Another "fine effect" of Page Compression is that it almost doubles the amount of time necessary to do a REBUILD, so plan accordingly,

Rather strong overstatements there. Page compression is great for many situations. It's not guaranteed to cause any frag issues, and often can help reduce them. It depends on this specific situation.

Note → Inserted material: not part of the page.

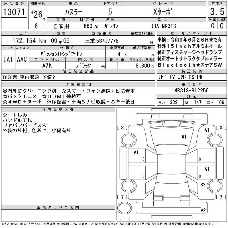 SUZUKI HUSTLER 2014 г., лот № 13071

Yep. Works great in certain situations. I just proved one instance, which happens to be incredibly common, where it's a horror. That means I have not made "rather strong overstatements" because I've just proven when Page compression will kill you. I did that in response to people asking if Page Compression makes Index Fragmentation practially irrelevant. The answer is "It Depends" and now everyone knows a very common problem where it can make a huge difference in a very negative way,

Just to make sure, I did add a not to my previous post, which also includes which datatypes are affected by Row Compression (and, therefor, Page Compression).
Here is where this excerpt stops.